El fichaje de Lopetegui poco tiene que ver con la cultura futbolística que implantó  Mourinho en el club hace más de una década

El vasco se plantó en Oporto con su equipo de ayudantes, mandó levantar una torreta de grabación en el campo de entrenamiento y empezó a trabajar nuevos métodos con jugadores de otra época. Se auguraba lo peor para el español, pero el presidente se ha portado bien. Poco a poco le ha llenado el vestuario con dragones de tinte ofensivo, y de su gusto.

Primero fue el centrocampista del atlético Oliver, luego Adrián y el barcelonista Tello, después el centrocampista del Madrid Casemiro y el delantero del Granada Brahimi. Tanto jugador ofensivo que hasta Lopetegui se ha asustó un poco: "Los equipos se suelen construir de atrás hacia adelante, pero las cosas vienen como vienen". Efectivamente, hace unas semanas llegaron el portero Fernández (Osasuna) y el defensa José Ángel (Real Sociedad). A los cinco españoles hay que sumar un plantel de nueve brasileños, pues esta liga de duopolio tiene el atractivo de ver a los futuros cracks del fútbol mundial, de Cristiano Ronaldo a Falcao, muchos de ellos suramericanos, antes de salir hacia clubes económicamente más fuertes.
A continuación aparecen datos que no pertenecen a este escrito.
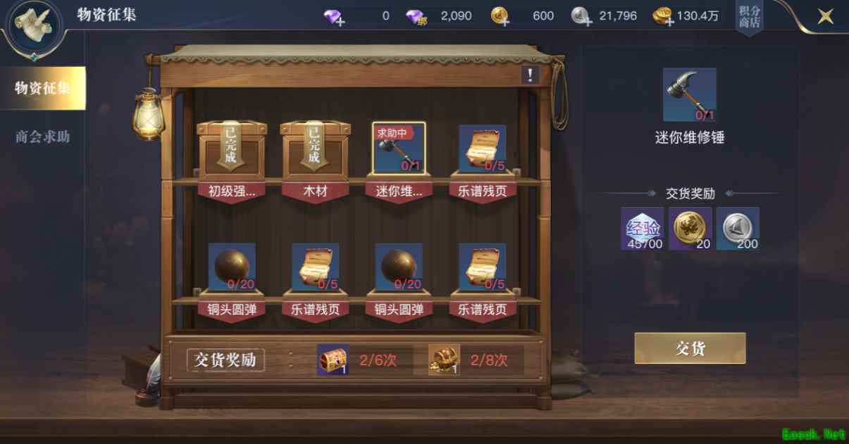 获得奖励除经验值外,还有随机装备、装备设计图、装备碎片(可兑换装备)、初级强化源石、初级突破石(强化突破船装)、25活跃度的奖励,每日只需完成一次即可获得全部奖励,是升级每日必打副本。 四、可选做任务 除了以上每天必做任务外,还有“物资征集”、“勇者航路”可选做,如果我们的实力与能力无法达到完成任务的要求,不建议强行完成。但如果可以抱到商会和大佬大腿,那就可以美滋滋的完成了。 1、“物资征集” 开启等级:46级 奖励次数:8次 推荐指数:★★★☆☆ 单人任务,需加入商会 物资匮乏、无法集齐道具的玩家不建议强做 任务是向自己的商会上交所需的货物以此获取经验,每天上线只需动动自己的“金手指”,点一点上交就能获得经验值。交货6次就可以开启普通宝箱(商会贡献度和铁块),全部完成8次开启完美宝箱(商会贡献度、紫色魂石、希望之花碎片)并且获得16活跃度。

De momento, el Oporto tiene diez altas y cinco bajas; y como es habitual en Pinto da Costa, con superavit. Los diez nuevos le han costado 35 millones y con dos ventas ha conseguido 55 millones. El presidente de Oporto es el rey de comprar barato y vender caro; para muestras recientes, Hulk, Falcao y James Rodriguez, que coincidieron en la temporada 2011.

Entre las muchas despedidas del Benfica y las muchas novedades del Porto, el Sporting, subcampeón de la pasada liga, parte con ventaja

Pese al contratiempo de cambiar todo en dos meses, Lopetegui puede tener suerte. El actual campeón, el Benfica, se ha dado un tiro en el pie, desprendiéndose de seis titulares del equipo que ganó tres títulos la pasada temporada. Cosas de agentes y también de los problemas que le llegan de la debacle del Banco Espírito Santo. El entrenador Jorge Jesús pidió tiempo para acoplar a los nuevos, pero estos no parecen mejores que los que se fueron. Tras cinco derrotas en ocho partidos ya ha amenazado con irse si no hay refuerzos. Los directivos no se sienten amenazados. Su ficha de cuatro millones es un lujo en estos lares.

Entre las muchas despedidas del Benfica y las muchas novedades del Oporto, los leones del Sporting, subcampeones en la pasada liga, parten con ventaja. El equipo ha mantenido el plantel, por lo cual ha hecho la mejor pretemporada de los tres candidatos al título, pero faltan semanas para el cierre de fichajes y parece difícil que puedan mantener a dos de sus puntales, William Carvalho y el lateral argentino Rojo.

Entre estos leones y aquellas águilas, los dragones de Lopetegui deben recuperar la senda del triunfo. Pinto da Costa le ha dado casi todo al español y ambos parecen encantados de haberse conocido. "Estoy satisfecho con el grupo formado", ha dicho el presidente tras ver los entrenamientos del equipo en Londres. "Hay una gran conexión entre el cuerpo técnico y los jugadores". Ahora le queda a Lopetegui agradar al público, entrar en la Champions, reconquistar la Liga y, por descontado, que sus jugadores valgan mañana mucho más que hoy.